While it has been suggested to address the atrioventricular junction in these patients as solitary and not as common [1], the morphology of the atrioventricular valve offers the possibility of treatment according to the surgical techniques for repair of atrioventricular septal defects. In the preoperative assessment it is essential to discriminate patients with atrioventricular septal defect and ventriculoatrial malalignment from patients with absent atrioventricular connection associated with straddling of the mitral or tricuspid valve [18, 19]. This differentiation is well possible based on transthoracic echocardiography.

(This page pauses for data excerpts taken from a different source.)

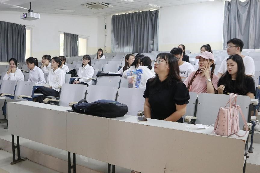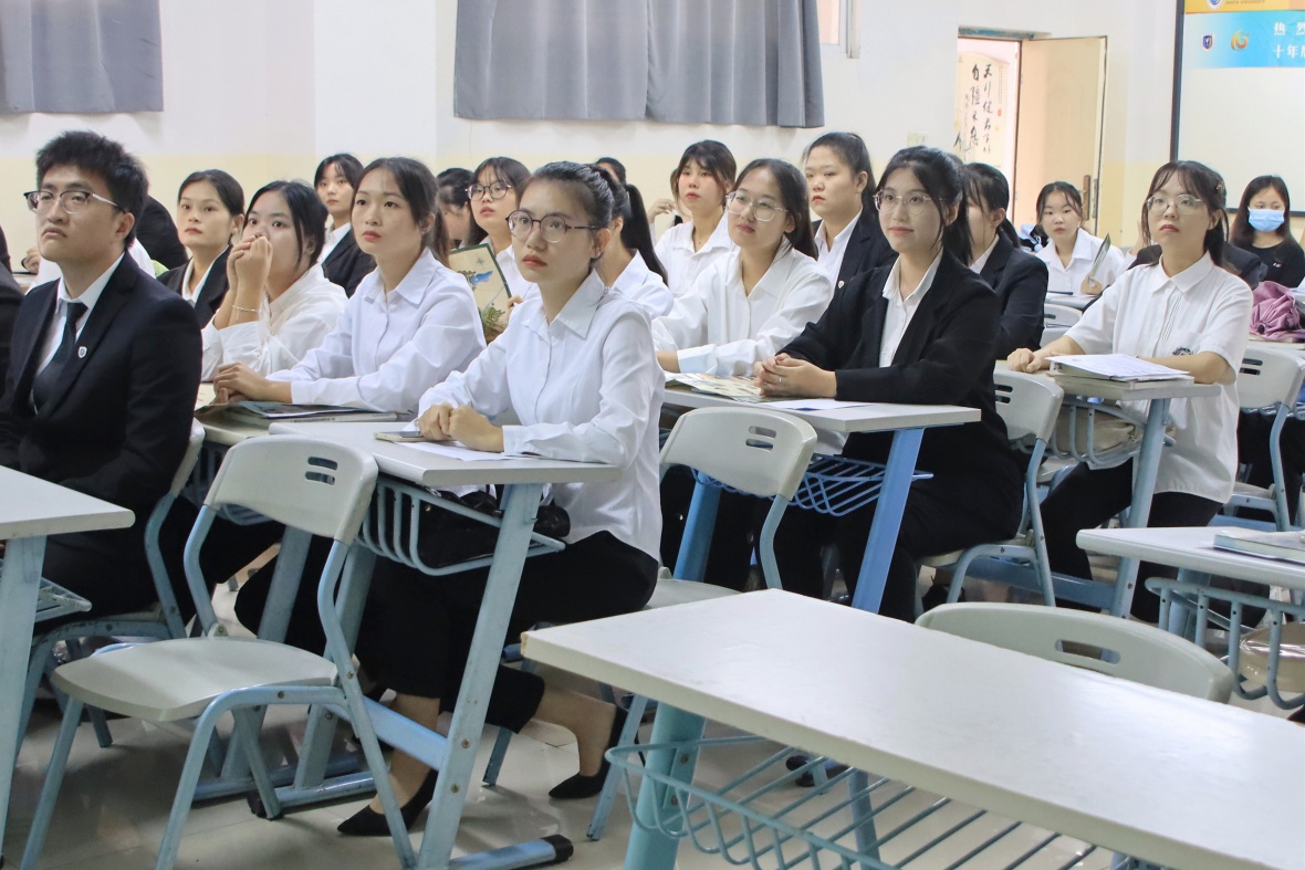 “请问大家对呀诺达景区的第一印象是什么?”高经理首先提出问题,学生们各抒己见,有同学认为景区的服务十分热情,有同学表示景区内项目体验感不错。视频播放结束后,高经理总结到海南呀诺达圆融旅业股份有限公司是集休闲、观光、体验、教育为一体的、可持续发展的生态文化主题景区,并向学生们介绍了此次招聘的重点岗位是导游讲解员,同时展示了实习期间的待遇及福利。随后高经理就学生提出的问题进行回答,为学生们提供了更多招聘方面的信息。
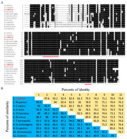 - Zhu, D.; Huang, R.; Yang, C.; Fu, P.; Chen, L.; Jiang, Y.; He, L.; Li, Y.; Liao, L.; Zhu, Z.; et al. Identification and molecular characterization of peroxiredoxin 2 in grass carp (Ctenopharyngodon idella). Fish Shellfish Immunol. 2019, 92, 570–582. [Google Scholar] [CrossRef]
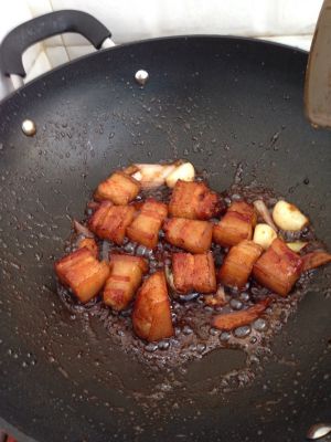 油锅烧热,下入冰糖转小火至冰糖全部融化(冰糖溶化会变色哦并不是糊了),下入肉块翻炒至表面轻微上色,盛出。油锅倒入葱姜及香料翻炒出香味,下肉,加入2:1的老抽和生抽,少量蚝油(也可不放),倒入开水没过肉,水开转小火慢炖一小时。
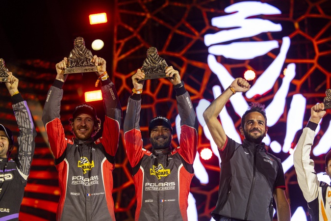 411 DE SOULTRAIT Xavier (fra), BONNET Martin (fra), Sébastien Loeb Racing - Bardahl Team, Polaris RZR Pro R, FIA SSV, portrait during the Final Podium of the Dakar 2024 on January 19, 2024 in Yanbu, Saudi Arabia. © DPPI/Panoramic/Bestimage

Characteristic echocardiographic features of AVSD are the presence of a morphologically common atrioventricular valve exhibiting both left and right components as well as superior and inferior bridging leaflets straddling the ventricular septum. While it may be difficult to define this with certainty in the apical 4-chamber view (Video 1), the anatomy of the common atrioventricular valve can be well displayed in the parasternal short axis view and in the subcostal views. Especially the subcostal LAO-view reveals the nature of the common atrioventricular valve with its superior and inferior bridging leaflets (Figs. 1b, 2b, Video 2). However the option of biventricular repair depends not only on the morphology of the atrioventricular valve but also on the presence of two adequately sized ventricles and on the nature of ventriculo-arterial connections. Clarification of the anatomic details is essential during initial assessment in the first weeks of life, since the decision for univentricular palliation versus biventricular repair is made in early infancy.

Echocardiographic evaluation of infants with absent right or left atrioventricular connection should include the differential diagnosis of UBC with a morphologically common atrioventricular valve. Univentricular palliation according to the Fontan principle is associated with significant long-term morbidity. If the presence of the common atrioventricular valve is missed on echocardiography the respective patient may be deprived of the option of possible biventricular repair and its associated better long-term prognosis.